Adams’ writing is an appeal to reject a reductionist world of pure order and rationality. The world went down this route to totalitarian order in the decade before Adams wrote Watership Down. The spectre of a brutal leader who rules by fear is symbolised in the novel by the fearsome General Woundwort who rules his warren with an iron fist.
Instead, Adams writes to preserve the sense of the sacred. Through evoking such a rich landscape of rabbits- complete with complex systems of spiritual beliefs- he has revered nature, and also allegorically given us humans the chance to see the best versions of ourselves when we spirit together, share stories, build friendships, develop the courage to commit to bold new futures…
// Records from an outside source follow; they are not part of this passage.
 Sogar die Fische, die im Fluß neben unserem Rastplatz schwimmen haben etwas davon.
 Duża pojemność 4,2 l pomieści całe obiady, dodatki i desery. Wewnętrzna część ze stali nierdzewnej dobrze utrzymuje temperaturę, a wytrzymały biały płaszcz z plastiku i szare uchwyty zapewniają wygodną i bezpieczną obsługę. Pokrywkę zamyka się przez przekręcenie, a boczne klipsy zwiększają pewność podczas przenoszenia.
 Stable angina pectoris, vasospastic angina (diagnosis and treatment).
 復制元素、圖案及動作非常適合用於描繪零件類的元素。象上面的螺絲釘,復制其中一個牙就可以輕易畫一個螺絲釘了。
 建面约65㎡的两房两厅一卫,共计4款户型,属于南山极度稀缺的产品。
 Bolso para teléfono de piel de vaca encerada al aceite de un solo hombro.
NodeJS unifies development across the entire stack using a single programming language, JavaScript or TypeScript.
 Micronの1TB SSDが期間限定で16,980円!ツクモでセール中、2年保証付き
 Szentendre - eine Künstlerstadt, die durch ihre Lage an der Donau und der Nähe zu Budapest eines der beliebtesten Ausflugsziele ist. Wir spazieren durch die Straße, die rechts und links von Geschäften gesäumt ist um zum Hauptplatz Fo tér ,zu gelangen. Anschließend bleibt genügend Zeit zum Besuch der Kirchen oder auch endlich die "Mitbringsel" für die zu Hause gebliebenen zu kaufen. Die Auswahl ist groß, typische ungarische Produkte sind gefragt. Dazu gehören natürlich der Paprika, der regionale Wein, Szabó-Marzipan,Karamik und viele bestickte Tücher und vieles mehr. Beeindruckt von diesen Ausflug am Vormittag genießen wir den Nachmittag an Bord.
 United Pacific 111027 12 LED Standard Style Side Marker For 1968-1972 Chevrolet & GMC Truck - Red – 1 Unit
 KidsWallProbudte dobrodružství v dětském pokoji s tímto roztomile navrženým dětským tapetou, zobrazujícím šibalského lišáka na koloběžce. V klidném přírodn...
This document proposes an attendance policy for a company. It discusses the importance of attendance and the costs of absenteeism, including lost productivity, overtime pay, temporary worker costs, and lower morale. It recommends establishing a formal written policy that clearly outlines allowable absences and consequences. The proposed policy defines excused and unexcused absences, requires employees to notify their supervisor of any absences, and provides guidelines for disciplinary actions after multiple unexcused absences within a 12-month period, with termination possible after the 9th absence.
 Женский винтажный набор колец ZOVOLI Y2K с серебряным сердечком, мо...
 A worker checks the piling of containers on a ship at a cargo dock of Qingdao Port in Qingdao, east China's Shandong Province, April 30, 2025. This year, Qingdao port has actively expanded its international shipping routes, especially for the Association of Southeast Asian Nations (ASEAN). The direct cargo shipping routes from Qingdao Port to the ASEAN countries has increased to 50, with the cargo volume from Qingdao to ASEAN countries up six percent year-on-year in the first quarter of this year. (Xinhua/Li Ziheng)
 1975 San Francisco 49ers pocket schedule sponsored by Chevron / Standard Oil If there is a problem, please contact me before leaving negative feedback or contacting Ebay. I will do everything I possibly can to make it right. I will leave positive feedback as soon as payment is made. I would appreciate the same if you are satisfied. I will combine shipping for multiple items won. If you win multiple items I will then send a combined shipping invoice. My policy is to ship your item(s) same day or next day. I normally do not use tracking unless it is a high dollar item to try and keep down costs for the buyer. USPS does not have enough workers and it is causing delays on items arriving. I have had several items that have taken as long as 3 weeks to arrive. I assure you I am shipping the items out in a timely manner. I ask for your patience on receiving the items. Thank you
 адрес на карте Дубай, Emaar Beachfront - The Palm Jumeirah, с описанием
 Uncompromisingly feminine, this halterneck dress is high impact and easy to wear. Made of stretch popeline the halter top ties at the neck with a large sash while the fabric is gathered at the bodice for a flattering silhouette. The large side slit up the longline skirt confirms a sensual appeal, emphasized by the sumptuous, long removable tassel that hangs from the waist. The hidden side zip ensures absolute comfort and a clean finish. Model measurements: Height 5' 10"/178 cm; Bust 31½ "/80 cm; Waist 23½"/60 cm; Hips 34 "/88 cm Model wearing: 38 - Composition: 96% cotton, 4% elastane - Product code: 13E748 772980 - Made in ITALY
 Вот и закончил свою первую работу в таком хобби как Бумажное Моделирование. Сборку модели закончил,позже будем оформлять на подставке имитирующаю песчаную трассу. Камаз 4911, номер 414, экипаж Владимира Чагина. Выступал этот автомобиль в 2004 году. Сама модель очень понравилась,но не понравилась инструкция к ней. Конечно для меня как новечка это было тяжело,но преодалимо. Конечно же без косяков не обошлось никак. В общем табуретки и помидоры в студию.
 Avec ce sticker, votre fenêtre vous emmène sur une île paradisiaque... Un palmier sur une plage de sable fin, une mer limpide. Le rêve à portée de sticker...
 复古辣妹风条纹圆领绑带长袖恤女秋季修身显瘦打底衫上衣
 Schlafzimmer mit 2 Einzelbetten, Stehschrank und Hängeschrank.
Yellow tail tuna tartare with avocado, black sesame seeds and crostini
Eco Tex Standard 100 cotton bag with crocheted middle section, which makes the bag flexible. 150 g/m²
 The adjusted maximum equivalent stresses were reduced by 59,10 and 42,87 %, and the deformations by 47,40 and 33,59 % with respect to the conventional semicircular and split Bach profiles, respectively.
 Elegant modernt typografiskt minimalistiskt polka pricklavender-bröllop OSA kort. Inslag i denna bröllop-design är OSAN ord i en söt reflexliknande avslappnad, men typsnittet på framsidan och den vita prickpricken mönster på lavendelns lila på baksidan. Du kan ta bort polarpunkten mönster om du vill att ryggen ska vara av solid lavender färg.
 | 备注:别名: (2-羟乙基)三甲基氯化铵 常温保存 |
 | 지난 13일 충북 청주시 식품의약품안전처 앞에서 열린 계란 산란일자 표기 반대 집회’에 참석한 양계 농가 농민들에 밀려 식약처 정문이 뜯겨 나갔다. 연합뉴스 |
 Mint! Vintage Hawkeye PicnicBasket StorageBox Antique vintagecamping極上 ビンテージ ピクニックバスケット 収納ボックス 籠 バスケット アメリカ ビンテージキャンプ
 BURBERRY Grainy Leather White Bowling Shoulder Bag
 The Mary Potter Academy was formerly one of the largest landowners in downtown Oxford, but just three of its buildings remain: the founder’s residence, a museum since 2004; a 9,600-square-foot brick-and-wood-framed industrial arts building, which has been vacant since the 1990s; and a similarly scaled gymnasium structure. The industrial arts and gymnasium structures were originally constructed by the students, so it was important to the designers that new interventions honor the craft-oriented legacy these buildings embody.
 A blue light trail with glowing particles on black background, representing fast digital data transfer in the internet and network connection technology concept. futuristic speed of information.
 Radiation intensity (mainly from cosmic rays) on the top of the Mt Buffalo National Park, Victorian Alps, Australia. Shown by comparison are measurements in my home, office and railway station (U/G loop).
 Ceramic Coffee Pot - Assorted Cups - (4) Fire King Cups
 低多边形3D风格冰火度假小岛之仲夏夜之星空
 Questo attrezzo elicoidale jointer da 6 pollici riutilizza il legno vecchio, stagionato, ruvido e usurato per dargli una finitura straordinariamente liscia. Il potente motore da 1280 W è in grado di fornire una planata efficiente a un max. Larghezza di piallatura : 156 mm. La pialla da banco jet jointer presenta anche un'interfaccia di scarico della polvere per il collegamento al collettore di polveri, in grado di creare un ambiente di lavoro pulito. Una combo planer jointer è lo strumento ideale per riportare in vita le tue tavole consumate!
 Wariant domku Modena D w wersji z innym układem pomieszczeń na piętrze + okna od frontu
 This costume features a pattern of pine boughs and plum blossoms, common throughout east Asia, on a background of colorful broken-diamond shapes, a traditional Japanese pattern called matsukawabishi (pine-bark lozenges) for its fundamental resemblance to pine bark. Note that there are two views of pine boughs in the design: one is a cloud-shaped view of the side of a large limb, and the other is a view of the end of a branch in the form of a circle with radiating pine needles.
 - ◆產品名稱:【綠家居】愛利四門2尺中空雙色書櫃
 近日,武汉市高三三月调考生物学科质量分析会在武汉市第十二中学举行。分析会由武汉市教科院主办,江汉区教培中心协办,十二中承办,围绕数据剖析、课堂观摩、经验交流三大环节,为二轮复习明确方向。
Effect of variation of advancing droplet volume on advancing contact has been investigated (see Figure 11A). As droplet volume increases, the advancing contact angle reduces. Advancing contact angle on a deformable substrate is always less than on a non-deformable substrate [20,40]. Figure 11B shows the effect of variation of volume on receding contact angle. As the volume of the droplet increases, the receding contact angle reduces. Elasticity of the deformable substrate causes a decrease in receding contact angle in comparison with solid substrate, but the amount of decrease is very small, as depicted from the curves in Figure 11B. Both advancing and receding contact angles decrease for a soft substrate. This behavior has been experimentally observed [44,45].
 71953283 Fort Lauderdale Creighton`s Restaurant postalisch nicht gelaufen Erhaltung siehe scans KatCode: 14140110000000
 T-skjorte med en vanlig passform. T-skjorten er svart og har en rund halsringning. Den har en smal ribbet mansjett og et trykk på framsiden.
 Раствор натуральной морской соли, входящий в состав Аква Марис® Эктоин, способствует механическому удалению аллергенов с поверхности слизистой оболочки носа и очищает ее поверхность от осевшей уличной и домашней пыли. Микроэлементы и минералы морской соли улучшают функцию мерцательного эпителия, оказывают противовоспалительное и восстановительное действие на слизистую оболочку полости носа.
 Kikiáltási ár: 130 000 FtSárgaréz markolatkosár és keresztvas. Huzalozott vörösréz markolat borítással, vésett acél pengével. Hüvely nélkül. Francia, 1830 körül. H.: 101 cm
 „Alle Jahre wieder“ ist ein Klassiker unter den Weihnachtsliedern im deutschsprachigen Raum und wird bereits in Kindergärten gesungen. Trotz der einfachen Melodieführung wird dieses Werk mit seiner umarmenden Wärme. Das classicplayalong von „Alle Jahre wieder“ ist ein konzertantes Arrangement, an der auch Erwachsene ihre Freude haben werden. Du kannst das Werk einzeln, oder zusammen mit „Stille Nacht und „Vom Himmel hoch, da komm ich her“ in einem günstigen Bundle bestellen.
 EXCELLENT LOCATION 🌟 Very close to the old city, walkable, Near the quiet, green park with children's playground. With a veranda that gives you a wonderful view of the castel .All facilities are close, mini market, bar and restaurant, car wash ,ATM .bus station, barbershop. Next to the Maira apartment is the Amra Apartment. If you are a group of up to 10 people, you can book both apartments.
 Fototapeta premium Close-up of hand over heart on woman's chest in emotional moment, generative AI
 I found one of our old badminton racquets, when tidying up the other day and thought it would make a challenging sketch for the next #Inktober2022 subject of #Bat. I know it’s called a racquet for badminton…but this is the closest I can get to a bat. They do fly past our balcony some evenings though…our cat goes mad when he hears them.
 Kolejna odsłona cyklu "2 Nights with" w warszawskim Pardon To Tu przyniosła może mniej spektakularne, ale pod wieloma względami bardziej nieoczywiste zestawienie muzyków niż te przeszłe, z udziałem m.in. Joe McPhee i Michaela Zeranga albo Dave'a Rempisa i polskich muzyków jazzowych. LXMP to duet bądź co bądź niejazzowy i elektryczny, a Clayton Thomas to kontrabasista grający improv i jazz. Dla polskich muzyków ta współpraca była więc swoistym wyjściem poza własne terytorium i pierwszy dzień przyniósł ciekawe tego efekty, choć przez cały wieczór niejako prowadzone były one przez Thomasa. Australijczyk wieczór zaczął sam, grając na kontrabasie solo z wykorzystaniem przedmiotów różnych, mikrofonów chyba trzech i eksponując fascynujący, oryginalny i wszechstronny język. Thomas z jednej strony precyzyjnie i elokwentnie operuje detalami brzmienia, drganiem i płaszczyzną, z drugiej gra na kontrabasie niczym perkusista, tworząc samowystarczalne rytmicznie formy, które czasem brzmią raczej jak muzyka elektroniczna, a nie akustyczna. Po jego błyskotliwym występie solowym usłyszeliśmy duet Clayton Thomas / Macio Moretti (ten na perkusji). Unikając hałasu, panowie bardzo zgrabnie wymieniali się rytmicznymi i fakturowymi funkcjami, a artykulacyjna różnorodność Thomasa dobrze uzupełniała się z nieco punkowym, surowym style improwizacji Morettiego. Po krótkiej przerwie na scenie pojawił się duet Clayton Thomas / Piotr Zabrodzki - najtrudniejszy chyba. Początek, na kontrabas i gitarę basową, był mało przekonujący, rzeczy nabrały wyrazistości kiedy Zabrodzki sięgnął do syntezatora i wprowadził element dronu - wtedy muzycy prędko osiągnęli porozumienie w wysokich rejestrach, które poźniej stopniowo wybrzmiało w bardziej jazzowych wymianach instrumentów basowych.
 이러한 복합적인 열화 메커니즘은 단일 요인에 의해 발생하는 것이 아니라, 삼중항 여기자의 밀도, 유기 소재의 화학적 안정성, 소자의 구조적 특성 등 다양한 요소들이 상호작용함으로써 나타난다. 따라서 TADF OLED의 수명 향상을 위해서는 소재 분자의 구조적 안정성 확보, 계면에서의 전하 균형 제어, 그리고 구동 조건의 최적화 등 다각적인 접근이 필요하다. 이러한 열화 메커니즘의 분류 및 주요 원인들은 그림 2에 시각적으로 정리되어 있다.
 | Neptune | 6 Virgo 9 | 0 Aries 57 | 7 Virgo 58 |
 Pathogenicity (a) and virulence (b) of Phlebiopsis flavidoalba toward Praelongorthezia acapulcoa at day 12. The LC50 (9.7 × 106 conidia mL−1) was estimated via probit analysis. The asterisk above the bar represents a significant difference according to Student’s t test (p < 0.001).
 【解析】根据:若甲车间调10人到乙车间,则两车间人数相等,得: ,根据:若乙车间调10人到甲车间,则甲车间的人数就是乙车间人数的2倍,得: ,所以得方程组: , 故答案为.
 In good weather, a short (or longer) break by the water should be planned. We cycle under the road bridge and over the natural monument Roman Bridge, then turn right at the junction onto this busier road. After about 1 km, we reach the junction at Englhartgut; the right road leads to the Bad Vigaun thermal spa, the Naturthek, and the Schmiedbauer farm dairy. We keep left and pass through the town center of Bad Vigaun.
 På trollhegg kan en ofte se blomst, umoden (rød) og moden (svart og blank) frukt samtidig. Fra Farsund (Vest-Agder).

This world of Watership Down in this age of AI can appear as a nostalgic postcard from another era. Yet, these values are not so far away from us now if we choose to engage with them. There are trace legacies of the contact and reverence of the natural world throughout Hong Kong, with the Tin Hau temples that dot the landscape. I am writing this at the foot of the Eight Immortals range at Pat Sin Leng. At one stage in our time, respect and reverence for nature were universally shared ideas, as Y12 TOK students found out in their exploration of Viking, Maori, Bajau, and Asmat cultures this week.
And if you choose to write a poem, sing a song, watch a concert, walk in nature, participate at a Lion Dance, you are exercising that right-side of your brain which is the wellspring of generosity, courage, empathy, compassion.
There is no better time to do this than across the forthcoming week of celebrations for Chinese New Year. So, get out there, and enjoy your time however you choose to celebrate.
Kung Hei Fat Choi everyone!
*Apparently, there are a wide range of collective nouns for rabbits. So, for variety, I will employ the range of terms including warren, colony, herd, drove and bevy https://thecollectivenouns.com/animals/collective-noun-for-rabbits/
** Richard Adams’ classic story from the 1950s is often listed in the Top 100 novels ever written. Modern readers in a revisionist approach would have questions about the role of female rabbits (there are some very brave ones later on such as Hyzenthlay & Thethuthinnang, but the plot hinges around a fact of life observed by a natural scientist friend and collaborator of Adams, who studied rabbits across the course of a lifetime and observed the phenomena in nature that groups of young bucks would schism from the main herd and seek their fortunes and reproductive rights away from their original warren). There are other (fortunately rare) moments where the colonial-era attitudes of the author arise. But, given the depths of humanism within the story, I am prepared to give R.A. the benefit of the doubt and feel, were he living today, he might be rather embarrassed about some of these moments.
Works Cited:
Adams, Richard. Watership Down. Macmillan Children’s Books, 2019.